Donal selbst landete mit der vierten Welle. Und als am nächsten Morgen die Sonne groß und gelb über den Horizont kletterte, war Ceta fest in ihrer Hand. Zwei Stunden später übermittelte eine Ordonnanz Donal die Nachricht, daß man William selbst ausfindig gemacht hatte – in seinem Domizil außerhalb von Whitetown, etwa fünfzehnhundert Kilometer entfernt.

„Ich fliege hin“, sagte Donal. Er sah sich rasch um. Seine Offiziere waren beschäftigt, und Ian befand sich mit einer Truppenabteilung irgendwo im Einsatz. Er wandte sich an Lee. „Kommen Sie mit, Lee“, sagte er.

Sie nahmen eine Vier-Mann-Plattform und machten sich auf den Weg. Die Ordonnanz wies sie ein. Als sie in dem Garten der Wohnanlage landeten, ließ Donal die Ordonnanz bei der Plattform zurück, bedeutete Lee, ihn zu begleiten, und betrat das Haus.

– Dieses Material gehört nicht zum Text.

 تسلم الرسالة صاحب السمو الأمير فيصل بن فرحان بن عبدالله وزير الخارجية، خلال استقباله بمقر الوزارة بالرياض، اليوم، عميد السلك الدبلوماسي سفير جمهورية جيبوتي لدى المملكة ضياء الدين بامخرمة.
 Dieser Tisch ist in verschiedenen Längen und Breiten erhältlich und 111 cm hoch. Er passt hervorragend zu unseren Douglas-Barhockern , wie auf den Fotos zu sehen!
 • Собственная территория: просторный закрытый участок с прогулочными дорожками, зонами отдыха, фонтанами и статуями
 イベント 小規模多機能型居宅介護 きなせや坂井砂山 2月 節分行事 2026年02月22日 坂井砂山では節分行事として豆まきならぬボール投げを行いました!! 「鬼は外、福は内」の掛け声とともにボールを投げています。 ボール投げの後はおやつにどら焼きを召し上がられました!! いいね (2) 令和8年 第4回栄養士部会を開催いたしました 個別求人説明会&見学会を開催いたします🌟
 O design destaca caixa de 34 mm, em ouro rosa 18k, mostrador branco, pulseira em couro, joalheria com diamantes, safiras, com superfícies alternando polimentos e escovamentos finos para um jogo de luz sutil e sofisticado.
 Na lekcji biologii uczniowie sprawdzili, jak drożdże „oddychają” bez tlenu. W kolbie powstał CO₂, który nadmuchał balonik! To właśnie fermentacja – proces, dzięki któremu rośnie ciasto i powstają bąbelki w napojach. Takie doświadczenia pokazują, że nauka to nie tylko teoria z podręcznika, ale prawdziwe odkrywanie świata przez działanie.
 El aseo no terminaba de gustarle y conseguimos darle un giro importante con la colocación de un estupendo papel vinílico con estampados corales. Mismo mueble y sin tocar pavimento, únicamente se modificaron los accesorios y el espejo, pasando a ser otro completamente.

Er schritt durch stille Räume, in denen sich nur Möbel befanden. Alle Bewohner des Hauses schienen verschwunden zu sein. Nach einer Weile begann er anzunehmen, daß der Bericht möglicherweise auf einem Irrtum beruhte und William ebenfalls das Weite gesucht hatte. Doch dann trat er durch einen gewölbten Eingang in einen kleinen Vorraum und stand plötzlich Anea gegenüber.

Sie sah ihn mit blassem, aber gefaßtem Gesicht an.

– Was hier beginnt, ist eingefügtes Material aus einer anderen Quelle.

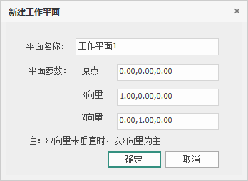 工作平面是一种被创建的、可无限延伸的平面。在工作平面模式启用的情况下,仅允许用户在指定的平面内定位或拾取坐标点。该功能允许通过三种方式来创建工作平面:1.【创建工作平面】、2.【拾取工作平面】、3.【参数创建】。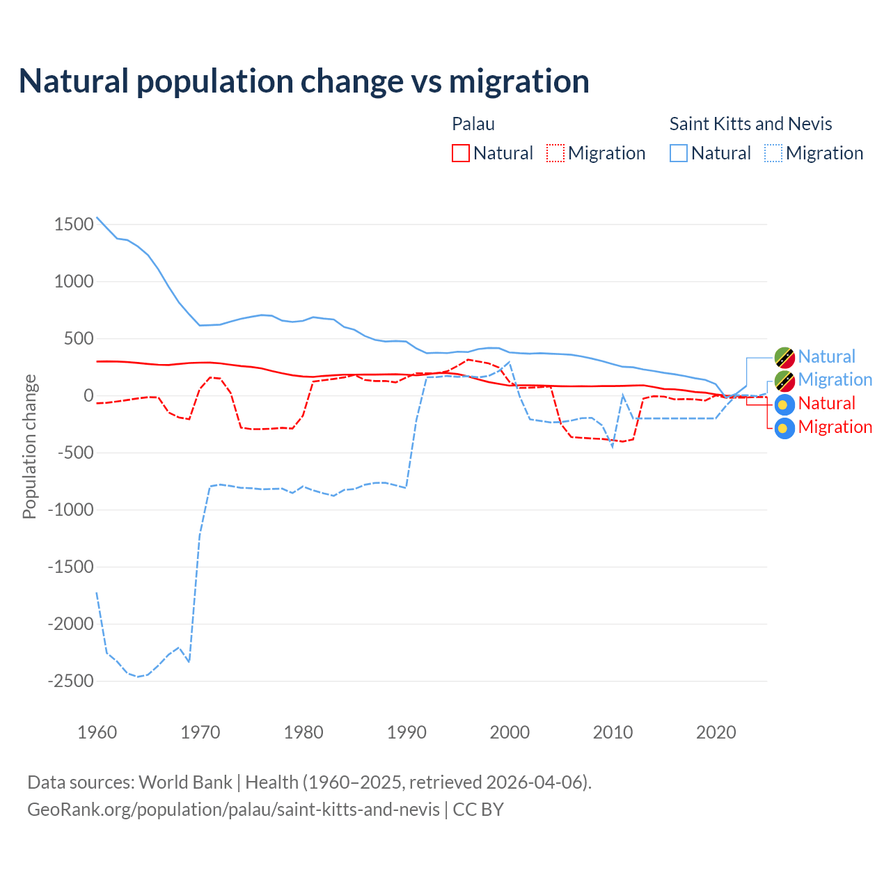 Over the last 10 years, 53.8% of the population change in Palau is from natural causes (a gain of 264 people) and 46.2% is from migration (a loss of 227 people). In Saint Kitts and Nevis 44.9% is from natural causes (a gain of 1,225 people) and 55.1% is from migration (a loss of 1,506 people).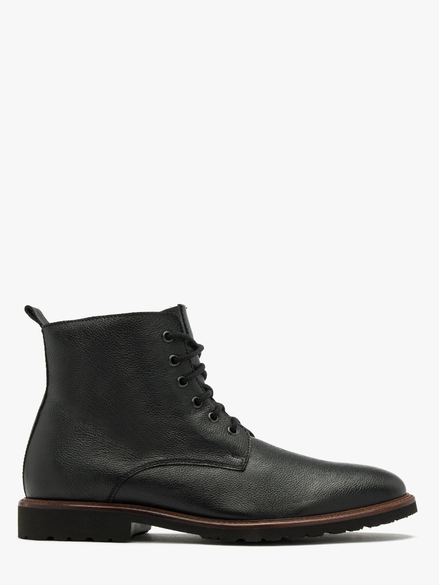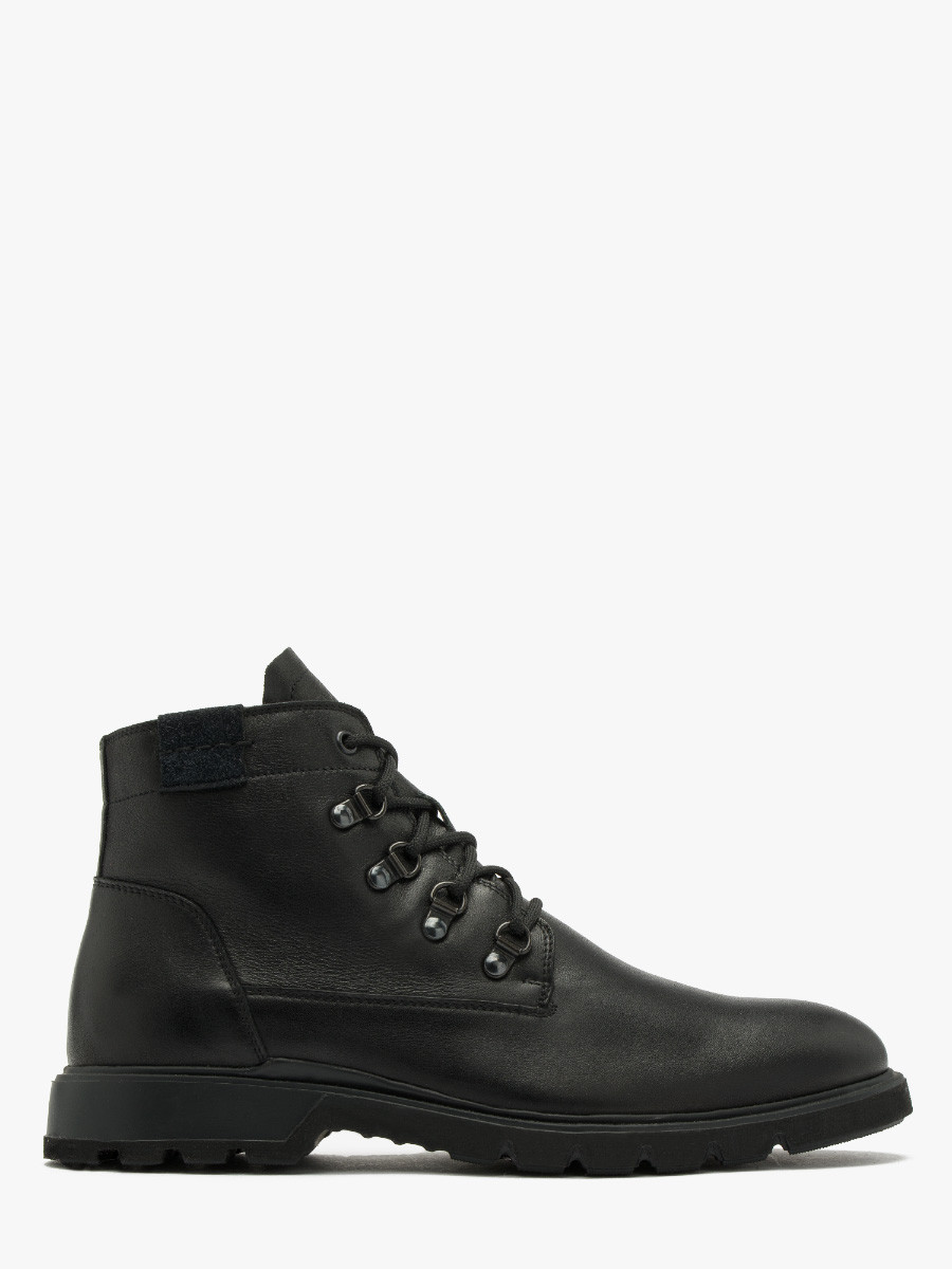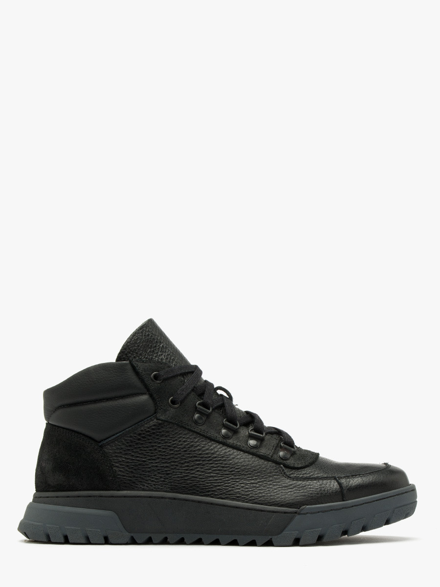 Czarny trzewik mski z ozdobnym otokiem na spodzie

„Wo ist er?“ fragte Donal.

Sie drehte sich um und deutete auf eine Tür in der gegenüberliegenden Wand des Zimmers.

„Sie ist verriegelt“, sagte sie. „Er war dort drinnen, als Ihre Männer landeten. Und er ist bisher nicht wieder herausgekommen. Die anderen wollten nicht bei ihm bleiben. Doch ich … ich konnte nicht gehen.“

„Ja“, sagte Donal düster. Nachdenklich betrachtete er die Tür in der Wand gegenüber. „Es wird nicht leicht für ihn gewesen sein.“

„Haben Sie etwas für ihn übrig?“ Bei diesen Worten sah er sie plötzlich an. Er suchte nach einer Andeutung von Spott in ihrem Gesicht. Doch er konnte nichts entdecken. Ihre Frage war ganz ehrlich gemeint.

„In gewisser Weise habe ich für jeden Menschen etwas übrig“, sagte er. Er durchquerte den Raum und trat an die Tür heran. Einem plötzlichen Impuls folgend, legte er die Hand auf das Schloß, preßte den Daumen auf den Kontaktgeber – und die Tür schwang auf.

Eine jähe Kühle stieg in ihm empor.

„Bleiben Sie bei ihr!“ rief er Lee über die Schulter zu. Er stieß die Tür ganz auf und stand dann vor einer weiteren, größeren. Sie öffnete sich ebenfalls auf einen Fingerdruck hin, und er trat ein.

William saß hinter einem Schreibtisch, auf dem sich ein ganzer Berg von Papieren stapelte und der am Ende des langen Raumes stand. Er erhob sich, als Donal hereinkam.

„Somit wären Sie also endlich hier“, sagte er ruhig. „Gut, gut.“

Donal kam näher und musterte Gesicht und Augen des Mannes. Er entdeckte nichts, das eine solche Bemerkung begründete. Doch Donal hatte plötzlich den Verdacht, daß William noch nicht alle Trümpfe ausgespielt hatte.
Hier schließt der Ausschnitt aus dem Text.